Wallace had such a fearsome reputation as an interviewer that “Mike Wallace is here to see you” were among the most dreaded words a newsmaker could hear.
He was well aware that his reputation arrived at an interview before he did, said Jeff Fager, CBS News chairman and Wallace’s long-time producer at 60 Minutes.
“He loved it,” Fager said. “He loved that part of Mike Wallace. He loved being Mike Wallace. He loved the fact that if he showed up for an interview, it made people nervous... He knew, and he knew that everybody else knew, that he was going to get to the truth.
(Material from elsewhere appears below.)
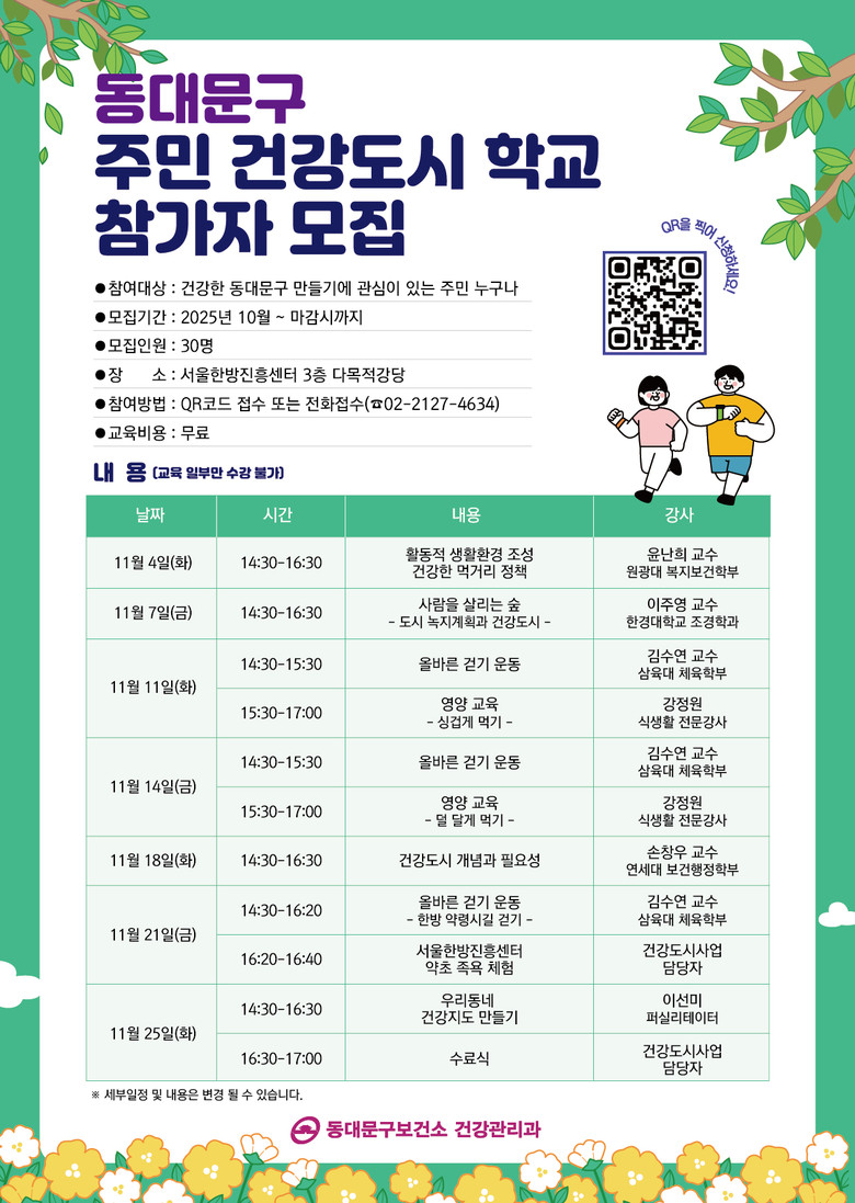 교육은 건강도시 개념과 필요성(연세대 손창우 교수), 활동적 생활환경 조성 및 건강한 먹거리 정책(원광대 윤난희 교수), 사람을 살리는 숲: 도시 녹지계획과 건강도시(한경대 이주영 교수), 올바른 걷기 운동 및 한방 약령시길 걷기(삼육대 김수연 교수), 영양 교육: 싱겁게 먹기, 덜 달게 먹기(강정원 식생활 전문강사), 우리 동네 건강지도 만들기(이선미 퍼실리테이터) 등 총 7회차의 실천 중심 커리큘럼으로 진행된다.

And that’s what motivated him.”
Wallace made 60 Minutes compulsively watchable, television’s first news magazine that became appointment viewing in the US. His last interview was in Jan 2008. Slowed by a triple bypass later that month and the ravages of time on a once-sharp mind, Wallace retired from public life.
During the Iranian hostage crisis in 1979, Wallace asked Iran’s Ayatollah Khomeini what he thought about being called “a lunatic” by Egyptian president Anwar Sadat. Khomeini answered by predicting Sadat’s assassination.
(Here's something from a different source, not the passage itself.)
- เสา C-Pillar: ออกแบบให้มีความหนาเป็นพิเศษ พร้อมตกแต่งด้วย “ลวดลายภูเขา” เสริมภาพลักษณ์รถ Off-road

Late in his career, Wallace interviewed Russian president Vladimir Putin, and challenged him: “This isn’t a real democracy, come on!” Putin’s aides tried fruitlessly to halt the interview.
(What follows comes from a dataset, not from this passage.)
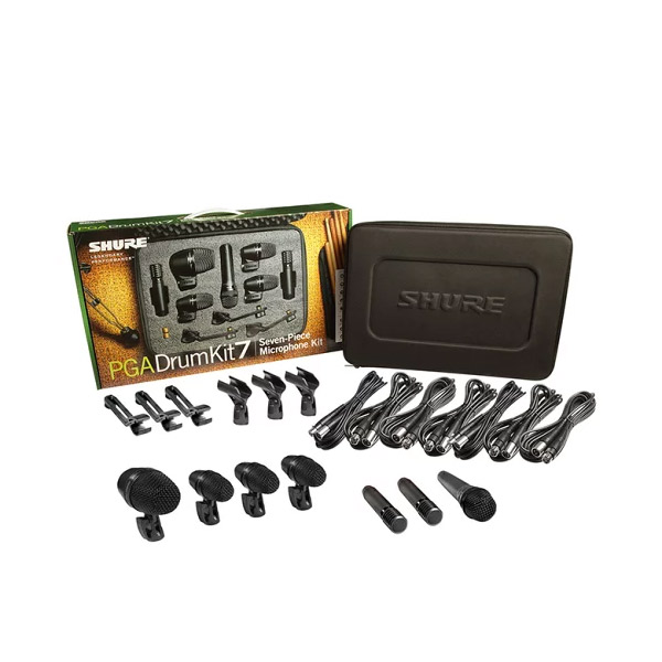 PGA52キックドラム用マイクロホン1本,PGA56ドラム用マイクロホン3本,PGA57楽器用マイクロホン1本,PGA81楽器用マイクロホン2本に加え,ドラムマウント3個,XLRケ-ブル7本,キャリングケ-スが付属します.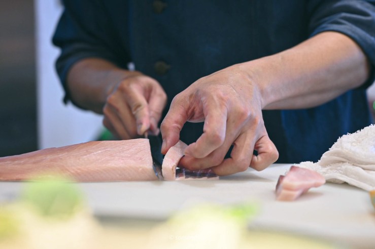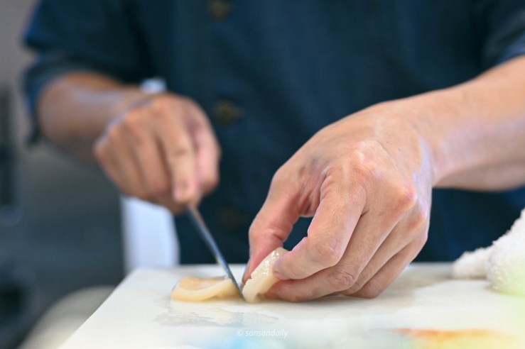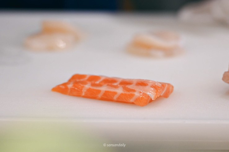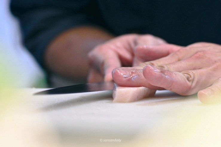 接著是我很愛的板前秀,看著師傅的刀功在魚片上安靜的刀刀落下、刀法俐落工整,完全是一種療癒呀

In 1973, with the Watergate scandal growing, he sat with top Nixon aide John Ehrlichman and read a long list of alleged crimes, from money laundering to obstructing justice. “All of this,” Wallace noted, “by the law-and-order administration of Richard Nixon.”
Ehrlichman could only respond: “Is there a question in there somewhere?”
“He was hands down the best television interviewer ever,” said Steve Kroft, his former 60 Minutes colleague. “I can’t think of anyone, besides [CBS legend Edward R] Murrow, who had a greater influence in shaping television journalism.”